Duras et les lavoirs. Je ne vais pas vous le cacher plus longtemps : je suis hantée par le temps … je ne suis pas la seule ! allez-vous me dire. Certes. Vous, je ne sais pas, moi l’affaire a commencé quand j’avais seize ans (une robe neuve même qu’y pleuvait…). Emergeant de journées pleines de trac et de rires sur un plateau de théâtre, où j’interprétais une héroïne pseudo-durassienne, je me disais : Mais pourquoi tout ça passe si vite ? Un événement balayant l’autre : la douceur exigeante du monastère d’écriture (où j’ai vécu une dizaine de jours, voir plus bas) emportée par la trépidation des représentations de Une nuit avec mes étoiles (Compagnie des Hommes Papillon). Balayé ? Non. Pas complétement. Des choses restent qui viennent enrichir notre terreau, notre trésor affectif et cérébral. Oui. Si toutefois on prend, si on trouve le temps d’y réfléchir. Bref, c’est ce que je me disais quand j’ai relu un article chopé dans le Monde des Livres sur La lectrice est mortelle de Judith Schlanger (Circé), qui évoquait « la seule question grave : comment dans un temps fini, avec des forces limitées, comment conduire sa pensée, sa vie intellectuelle ? » Et sa vie tout court …
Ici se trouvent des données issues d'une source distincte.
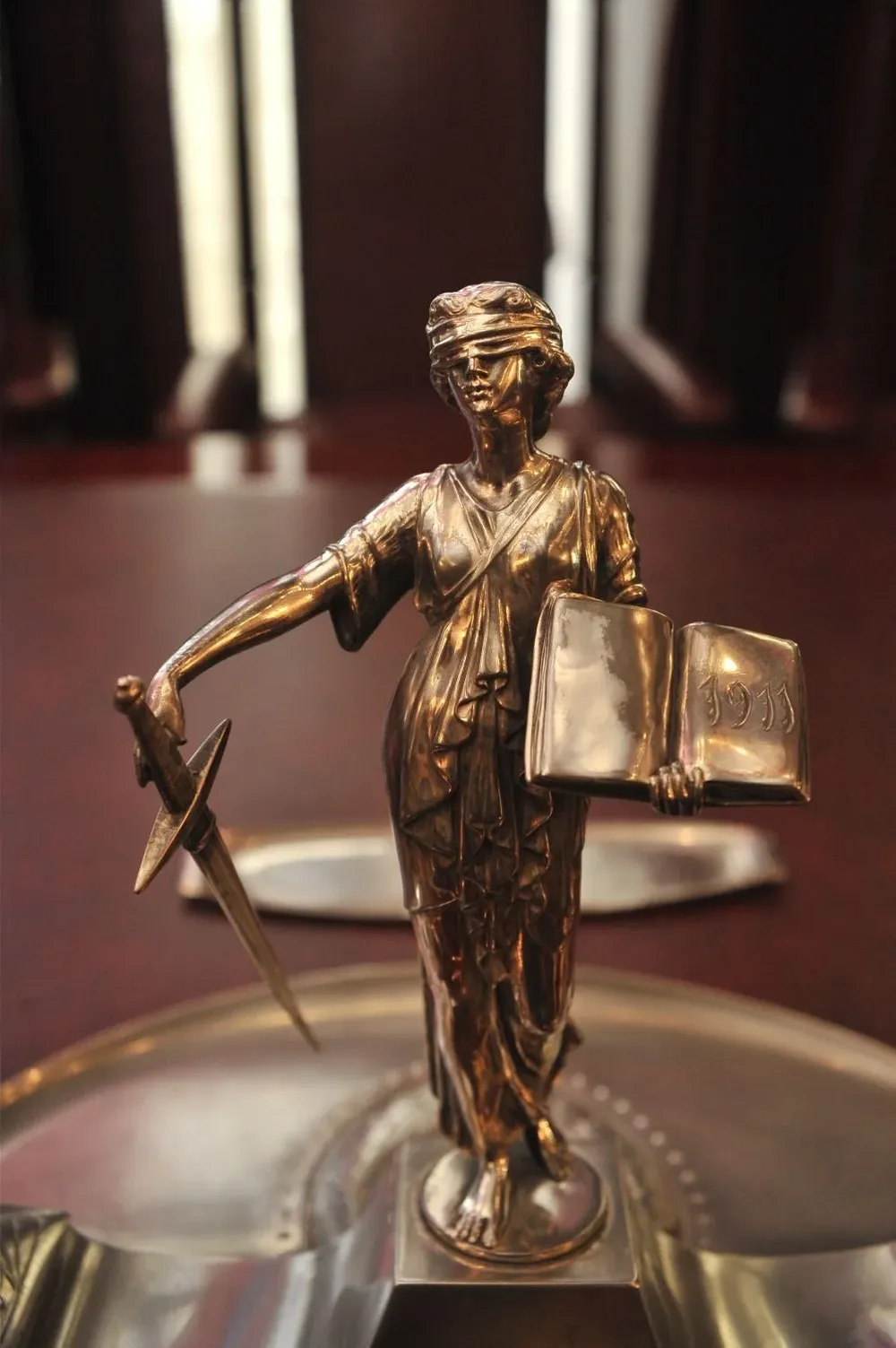 Vendada, para hacer lo que deba hacer independiente de quién se trate; con una balanza, para tener el peso de argumentos y pruebas de cada parte; y una espada para castigar a los culpables. Pero para castigar luego de un proceso con garantías, y no a los gritos.

Le temps qui passe, voilà – pour revenir à mon séjour à Saorge – ce qu’a tenté de saisir Liselott Johnsson dans ce village du Mercanour entre le 23 et le 29 mai dernier . La poétique des lavoirs, tel est le nom des trois installations qu’elle a réalisées dans les lavoirs historiques du lieu : Fontana de Mèdge(1871), Fontana da caranca (1898) Fontana Soutana(date inconnue). « Mon intention n’est pas de décrire l’histoire des lavoirs, je cherche plutôt à dégager leurs multiples significations culturelles pour les mettre en relation avec notre vie contemporaine. « explique la jeune artiste. L’eau babillante, le son mat du linge battu, les voix haut perchées des femmes, les cris des enfants qui jouent non loin… il me semble que chaque fois qu’une femme passe devant un lavoir, elle est soudain visitée, habitée par ces générations de lavandières, ses sœurs.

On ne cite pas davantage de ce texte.